WHAT YOU NEED TO DO → Please restate the data that follows word for word, with the pictures left out.

-- RECORDED INFORMATION follows --

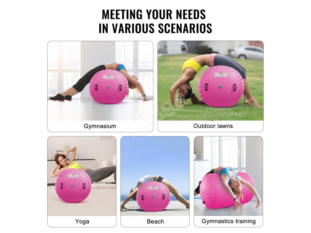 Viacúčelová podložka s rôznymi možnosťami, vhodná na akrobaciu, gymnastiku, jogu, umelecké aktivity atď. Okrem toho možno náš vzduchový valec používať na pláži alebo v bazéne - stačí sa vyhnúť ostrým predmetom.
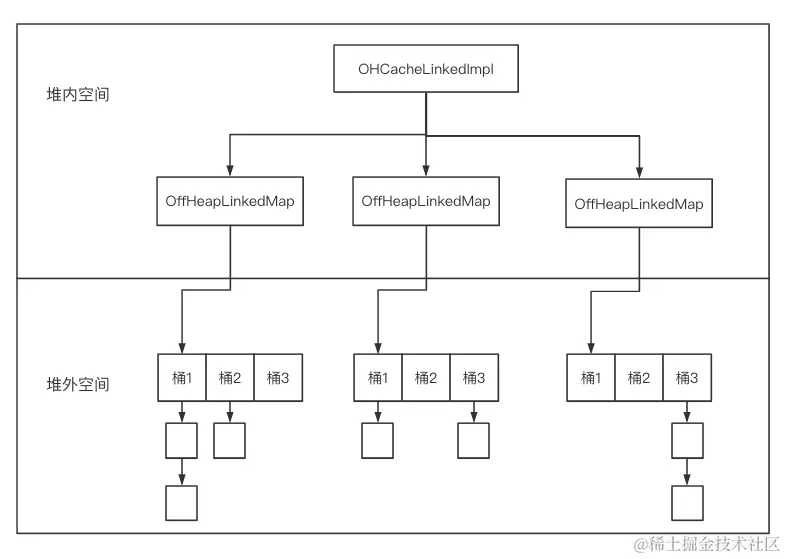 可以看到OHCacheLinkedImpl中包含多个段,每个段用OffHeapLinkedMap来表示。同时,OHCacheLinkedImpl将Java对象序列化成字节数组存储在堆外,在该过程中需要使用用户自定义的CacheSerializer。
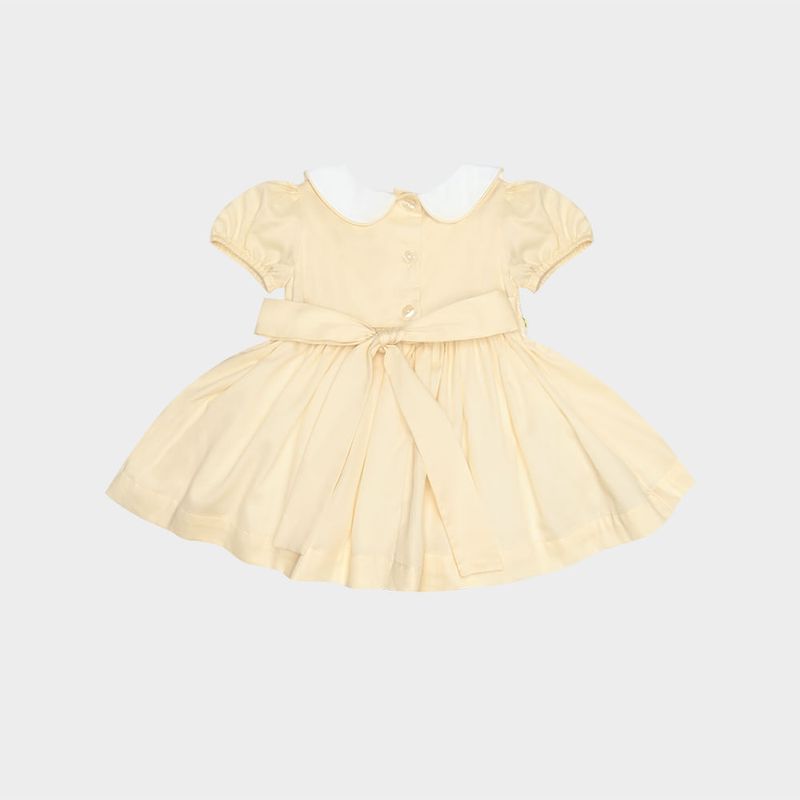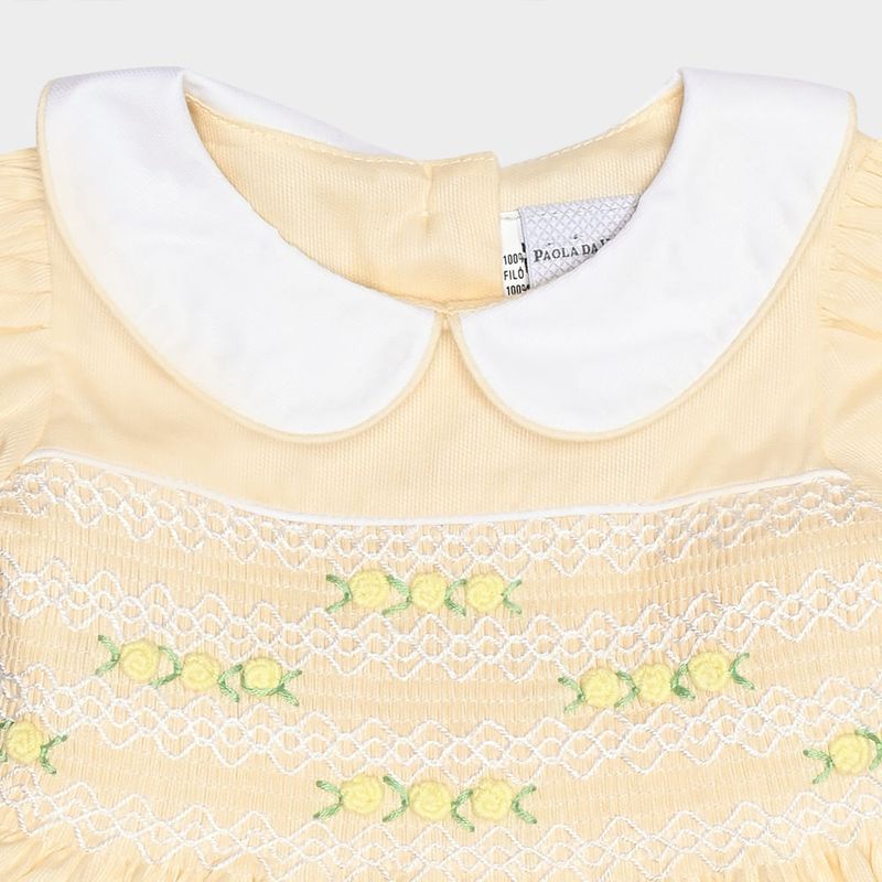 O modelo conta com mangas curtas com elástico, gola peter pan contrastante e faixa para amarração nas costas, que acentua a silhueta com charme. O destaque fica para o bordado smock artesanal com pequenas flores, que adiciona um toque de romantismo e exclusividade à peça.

-- RECORDED INFORMATION concluded --

RESPONSE TO THIS EXERCISE →
 Viacúčelová podložka s rôznymi možnosťami, vhodná na akrobaciu, gymnastiku, jogu, umelecké aktivity atď. Okrem toho možno náš vzduchový valec používať na pláži alebo v bazéne - stačí sa vyhnúť ostrým predmetom.
 可以看到OHCacheLinkedImpl中包含多个段,每个段用OffHeapLinkedMap来表示。同时,OHCacheLinkedImpl将Java对象序列化成字节数组存储在堆外,在该过程中需要使用用户自定义的CacheSerializer。
 O modelo conta com mangas curtas com elástico, gola peter pan contrastante e faixa para amarração nas costas, que acentua a silhueta com charme. O destaque fica para o bordado smock artesanal com pequenas flores, que adiciona um toque de romantismo e exclusividade à peça.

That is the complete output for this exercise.